▶ _Task_
Nothing but the pictures should be left out when the entries below are duplicated.
▼▼▼
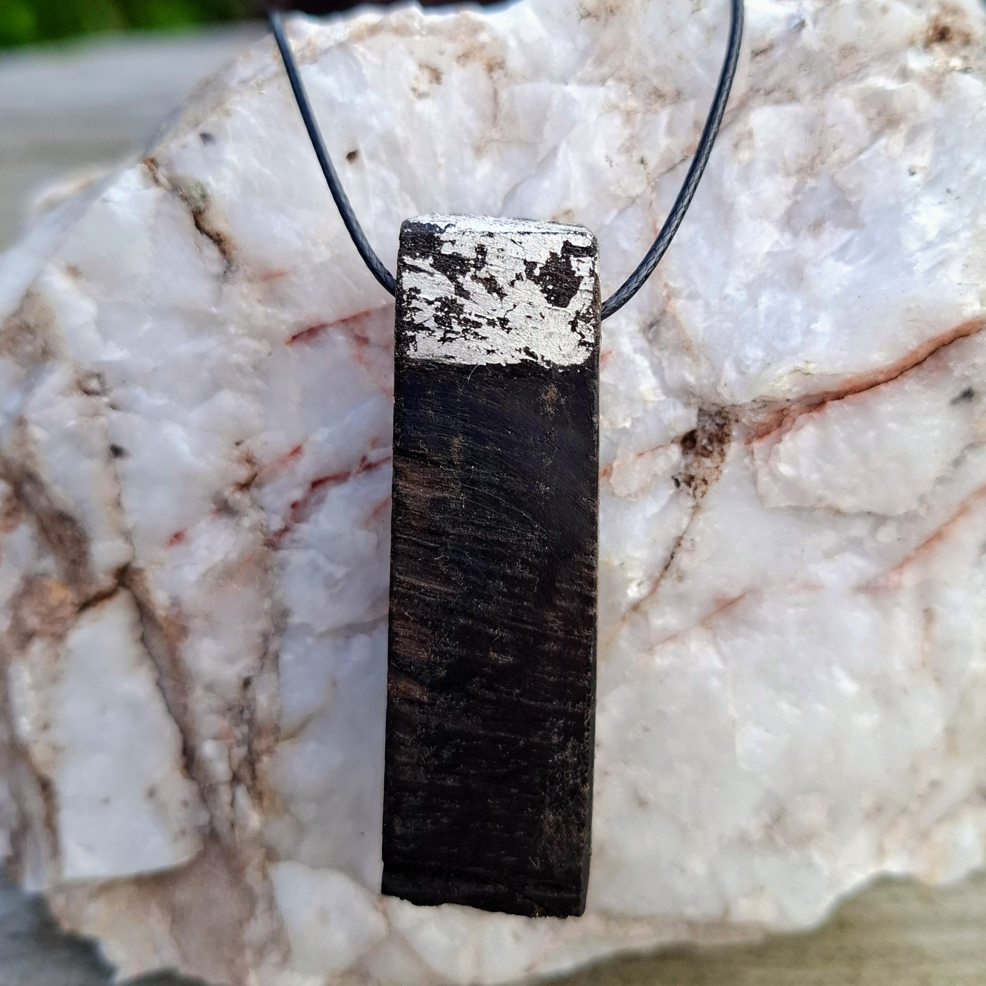 Luíseach - a beautiful Gaelic name derived from Lugh, which means "light". The pendant is made from ancient bog oak sourced near Athenry, Co. Galway, Ireland - estimated to be between 3,000 and 6,000 years old. It is embellished with delicate, fine silver leaf, sterling silver findings and comes with various options of chains. Pictures of all will be available soon. Message me if you need details in the meantime.
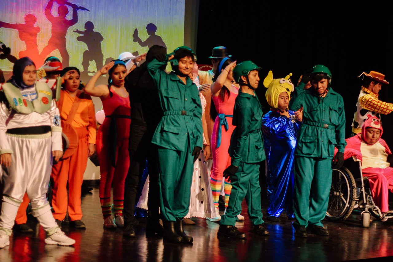 En el escenario, 45 participantes ofrecieron una emotiva puesta en escena que combinó danza, música, títeres y escenografía artesanal elaborada con piñatas y materiales reciclados. Inspirados en películas como El Rey León y Tinkerbell, los jóvenes mostraron sus habilidades y creatividad ante un público conmovido y entusiasta.
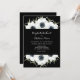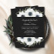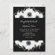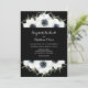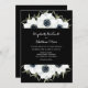 An elegant watercolor of black and white anemone flowers and leaves on a black background, your wedding ceremony details in chic white lettering on the front and your wedding details are on the back of this all in one invitation. MATCHING items in our store.
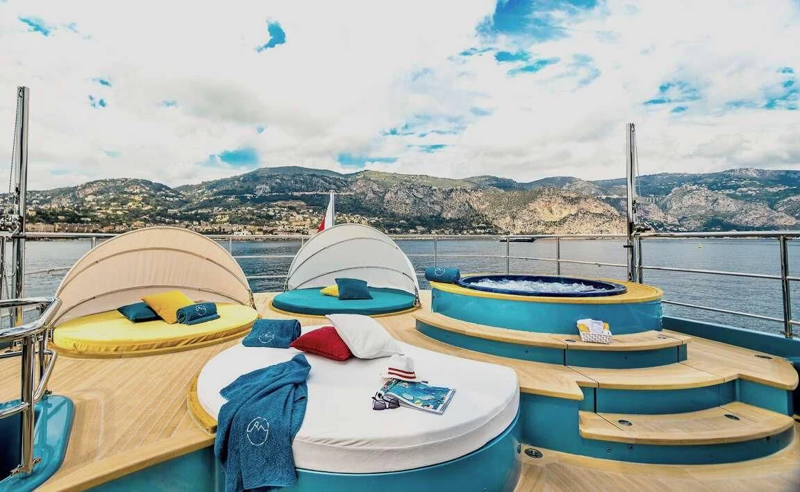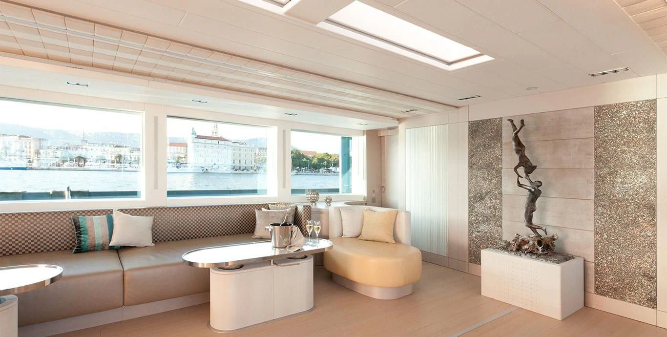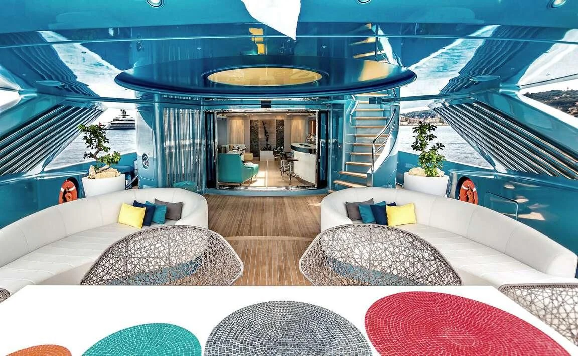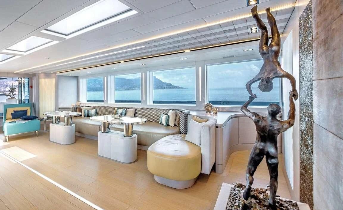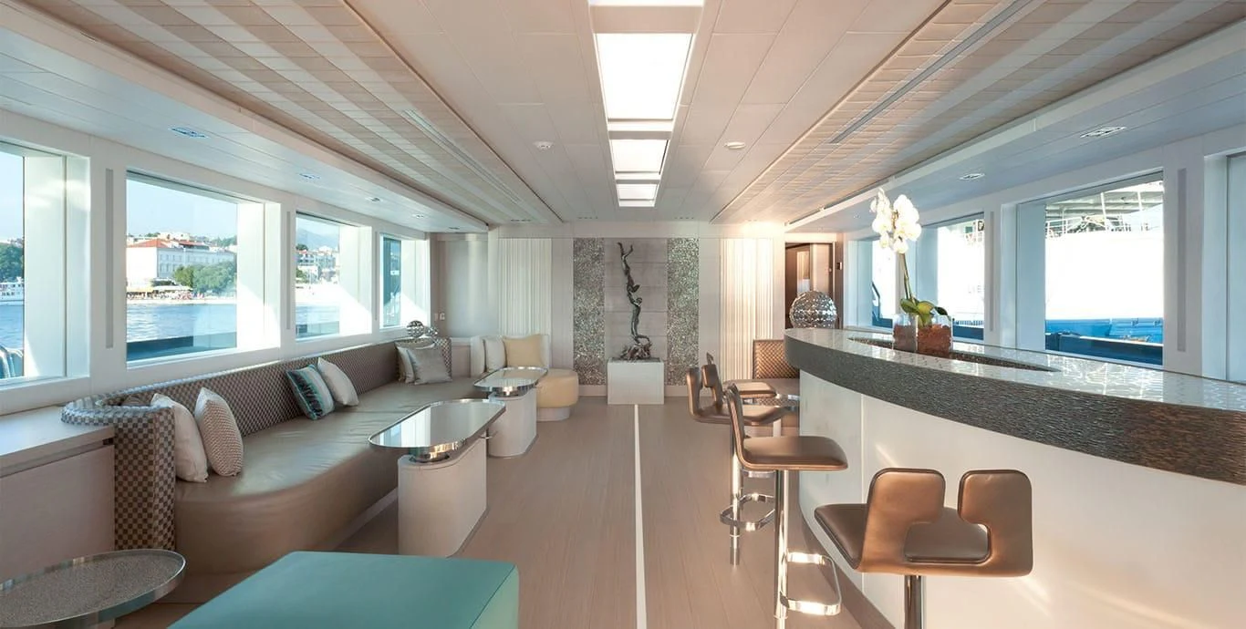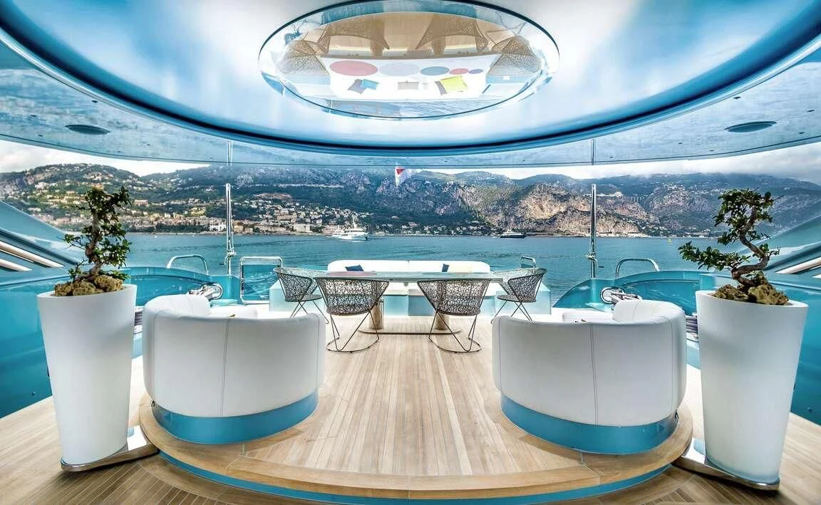 Her exterior design is nothing short of breathtaking. The expansive beam stretching to about 28 feet (8.6 meters) provides ample space for outdoor relaxation and entertainment areas. Her sundecks offer the perfect spot for sunbathing or simply enjoying panoramic ocean views under clear blue skies. Alfresco dining areas are strategically positioned to allow guests to relish their meals amidst serene seascapes, while lounging areas provide comfortable spaces for rest and recreation.
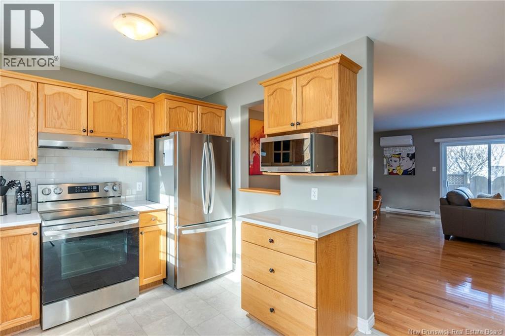 Welcome to this well-maintained two-storey townhouse condo in the heart of Dieppe, NB. This move-in-ready home offers three bedrooms and two full bathrooms, making it an ideal option for families, professionals, or anyone seeking low-maintenance living. The refreshed kitchen features quartz countertops, a modern backsplash, new flooring, along with new appliances in 2023, creating a functional space for everyday living and entertaining. Hardwood flooring runs throughout the main level and continue upstairs, adding continuity to the home. Off the living area are doors leading to an enclosed back deck area. Downstairs features a finished family room space with the addition of two storage areas. Comfort is enhanced with an efficient mini-split heat pump system, including one outdoor unit and three heads on all three levels as well as added attic insulation (2024). Located close to schools, parks, shopping, and other amenities. Call, text or email for further details. (id:34572)
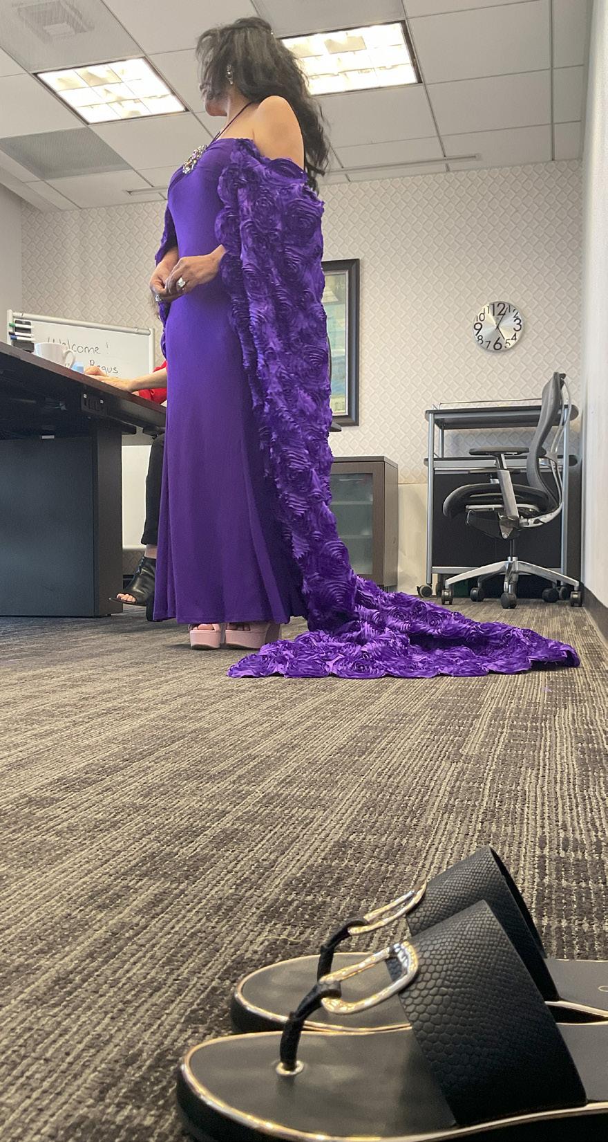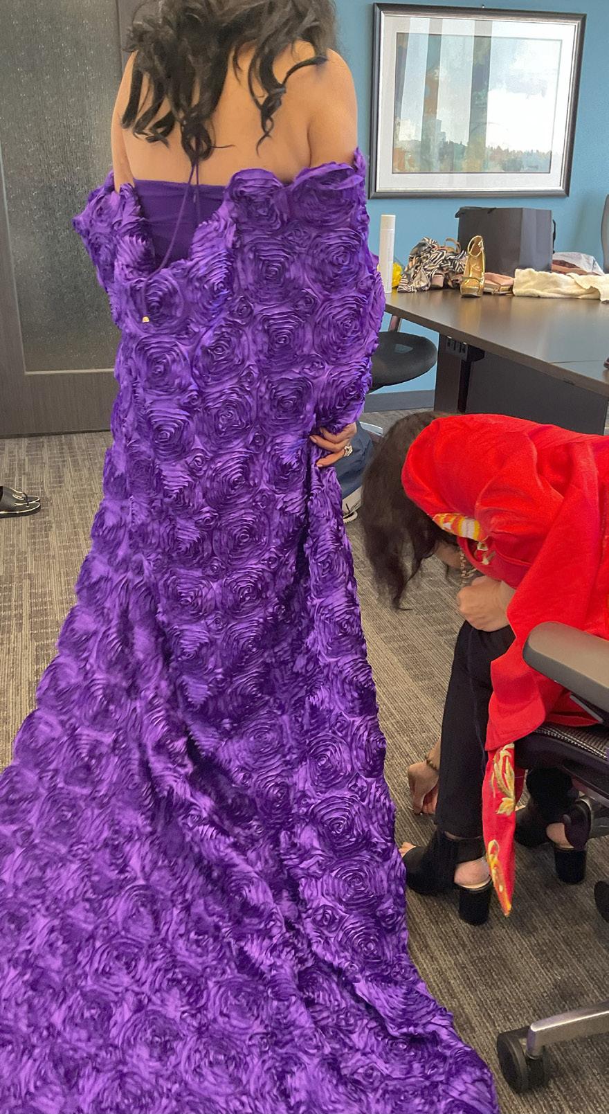 Kiki dressed Norma in an elegant purple gown. I asked Kiki, “What do you call this collection?” She thought for a second, fidgeted the dress, and replied: “The Flower Collection.”
▲▲▲
▶ _Answer section_
 Luíseach - a beautiful Gaelic name derived from Lugh, which means "light". The pendant is made from ancient bog oak sourced near Athenry, Co. Galway, Ireland - estimated to be between 3,000 and 6,000 years old. It is embellished with delicate, fine silver leaf, sterling silver findings and comes with various options of chains. Pictures of all will be available soon. Message me if you need details in the meantime.
 En el escenario, 45 participantes ofrecieron una emotiva puesta en escena que combinó danza, música, títeres y escenografía artesanal elaborada con piñatas y materiales reciclados. Inspirados en películas como El Rey León y Tinkerbell, los jóvenes mostraron sus habilidades y creatividad ante un público conmovido y entusiasta.
 An elegant watercolor of black and white anemone flowers and leaves on a black background, your wedding ceremony details in chic white lettering on the front and your wedding details are on the back of this all in one invitation. MATCHING items in our store.
 Her exterior design is nothing short of breathtaking. The expansive beam stretching to about 28 feet (8.6 meters) provides ample space for outdoor relaxation and entertainment areas. Her sundecks offer the perfect spot for sunbathing or simply enjoying panoramic ocean views under clear blue skies. Alfresco dining areas are strategically positioned to allow guests to relish their meals amidst serene seascapes, while lounging areas provide comfortable spaces for rest and recreation.
 Welcome to this well-maintained two-storey townhouse condo in the heart of Dieppe, NB. This move-in-ready home offers three bedrooms and two full bathrooms, making it an ideal option for families, professionals, or anyone seeking low-maintenance living. The refreshed kitchen features quartz countertops, a modern backsplash, new flooring, along with new appliances in 2023, creating a functional space for everyday living and entertaining. Hardwood flooring runs throughout the main level and continue upstairs, adding continuity to the home. Off the living area are doors leading to an enclosed back deck area. Downstairs features a finished family room space with the addition of two storage areas. Comfort is enhanced with an efficient mini-split heat pump system, including one outdoor unit and three heads on all three levels as well as added attic insulation (2024). Located close to schools, parks, shopping, and other amenities. Call, text or email for further details. (id:34572)
 Kiki dressed Norma in an elegant purple gown. I asked Kiki, “What do you call this collection?” She thought for a second, fidgeted the dress, and replied: “The Flower Collection.”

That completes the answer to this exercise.